[Provided information — start]
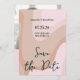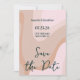 Boda de Ola Rosa Retro Guardar la Invitación de la Fecha Una elegante boda moderna Save the Date con un elegante guión negro sobre fondo de ola rosa, marrón y terracota retro. Personalice los detalles de su evento.
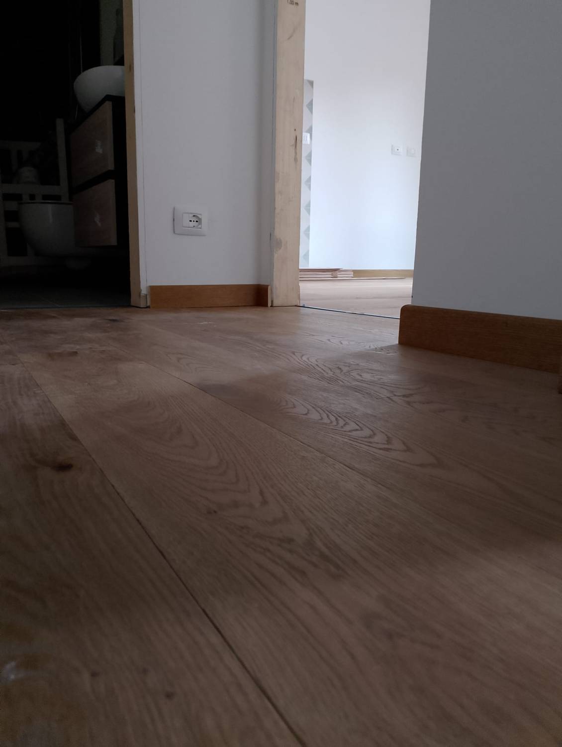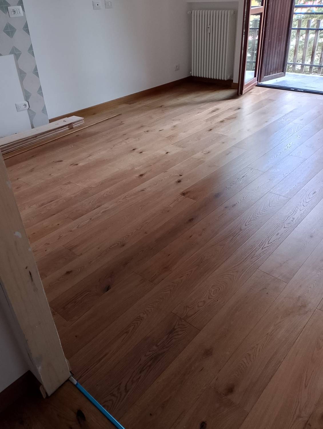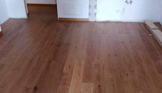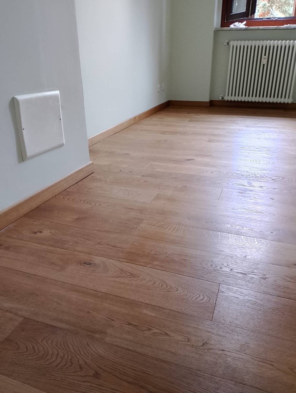 Incontrerai così specialisti del parquet come Stefano, che ci ha inviato queste immagini: rappresentano la posa di un parquet in legno di rovere da quercia tinto color noce scuro, con una spazzolatura marcata per dare una texture materica alla superficie del pavimento in legno. La selezione rustica dona calore all'ambiente e lo zoccolino, o battiscopa, posato in tinta con il pavimento completa una posa in opera di questo parquet eseguita secondo tutte le migliori regole del buon costruire. Stefano e i suoi colleghi ti aspettano: registrati come utente in pochi secondi e cercali.
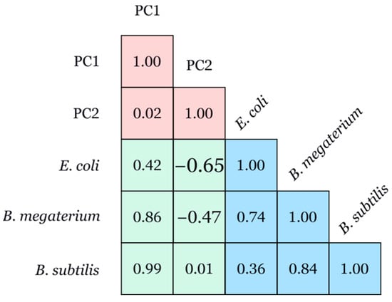 PC1 shows a positive correlation with E. coli (0.43), B. megaterium (0.86), and B. subtilis (0.99), indicating an increase in MIC for all three bacterial strains with increasing PC1 values (Figure 6). Consequently, extracts with higher PC1 values exhibit lower antimicrobial activity against these bacteria. PC2 exhibits a negative correlation with E. coli (−0.65) and B. megaterium (−0.48) and no correlation with B. subtilis. This suggests that an increase in PC2 values is associated with a decrease in minimum inhibitory concentrations and indicates greater antimicrobial activity against E. coli and B. megaterium.
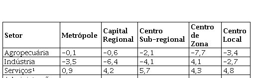 Tais dados correspondem à estrutura teórica[2] esperada da rede urbana em que, por um lado, as principais cidades da região concentram as atividades econômicas tipicamente urbanas, como são os casos da Indústria e dos Serviços. Isto é, as Metrópoles concentram a maior parte dessas atividades e sua participação no total regional vai decaindo à medida que se desce na hierarquia urbano-regional. A diferença do setor industrial entre as Capitais Regionais e os dois níveis inferiores deve-se à quantidade de municípios existentes em cada um desses grupos. Por outro lado, quando se considera a Agropecuária e a APU, a relação se inverte, com os Centros Locais representando a maior parte dessas atividades e a participação se reduzindo à medida que se eleva na hierarquia das cidades do Nordeste.
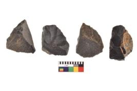 | Description / विवरण | There are n 4 utilized flake cores. There are multidirectional irregular scar pattern on both dorsal and ventral face of the flake cores. Two have blunted edges and two have round edges. |
[Provided information — finish]
Set down all of the entries exactly as they stand, without any image.

 Boda de Ola Rosa Retro Guardar la Invitación de la Fecha Una elegante boda moderna Save the Date con un elegante guión negro sobre fondo de ola rosa, marrón y terracota retro. Personalice los detalles de su evento.
 Incontrerai così specialisti del parquet come Stefano, che ci ha inviato queste immagini: rappresentano la posa di un parquet in legno di rovere da quercia tinto color noce scuro, con una spazzolatura marcata per dare una texture materica alla superficie del pavimento in legno. La selezione rustica dona calore all'ambiente e lo zoccolino, o battiscopa, posato in tinta con il pavimento completa una posa in opera di questo parquet eseguita secondo tutte le migliori regole del buon costruire. Stefano e i suoi colleghi ti aspettano: registrati come utente in pochi secondi e cercali.
 PC1 shows a positive correlation with E. coli (0.43), B. megaterium (0.86), and B. subtilis (0.99), indicating an increase in MIC for all three bacterial strains with increasing PC1 values (Figure 6). Consequently, extracts with higher PC1 values exhibit lower antimicrobial activity against these bacteria. PC2 exhibits a negative correlation with E. coli (−0.65) and B. megaterium (−0.48) and no correlation with B. subtilis. This suggests that an increase in PC2 values is associated with a decrease in minimum inhibitory concentrations and indicates greater antimicrobial activity against E. coli and B. megaterium.
 Tais dados correspondem à estrutura teórica[2] esperada da rede urbana em que, por um lado, as principais cidades da região concentram as atividades econômicas tipicamente urbanas, como são os casos da Indústria e dos Serviços. Isto é, as Metrópoles concentram a maior parte dessas atividades e sua participação no total regional vai decaindo à medida que se desce na hierarquia urbano-regional. A diferença do setor industrial entre as Capitais Regionais e os dois níveis inferiores deve-se à quantidade de municípios existentes em cada um desses grupos. Por outro lado, quando se considera a Agropecuária e a APU, a relação se inverte, com os Centros Locais representando a maior parte dessas atividades e a participação se reduzindo à medida que se eleva na hierarquia das cidades do Nordeste.
 | Description / विवरण | There are n 4 utilized flake cores. There are multidirectional irregular scar pattern on both dorsal and ventral face of the flake cores. Two have blunted edges and two have round edges. |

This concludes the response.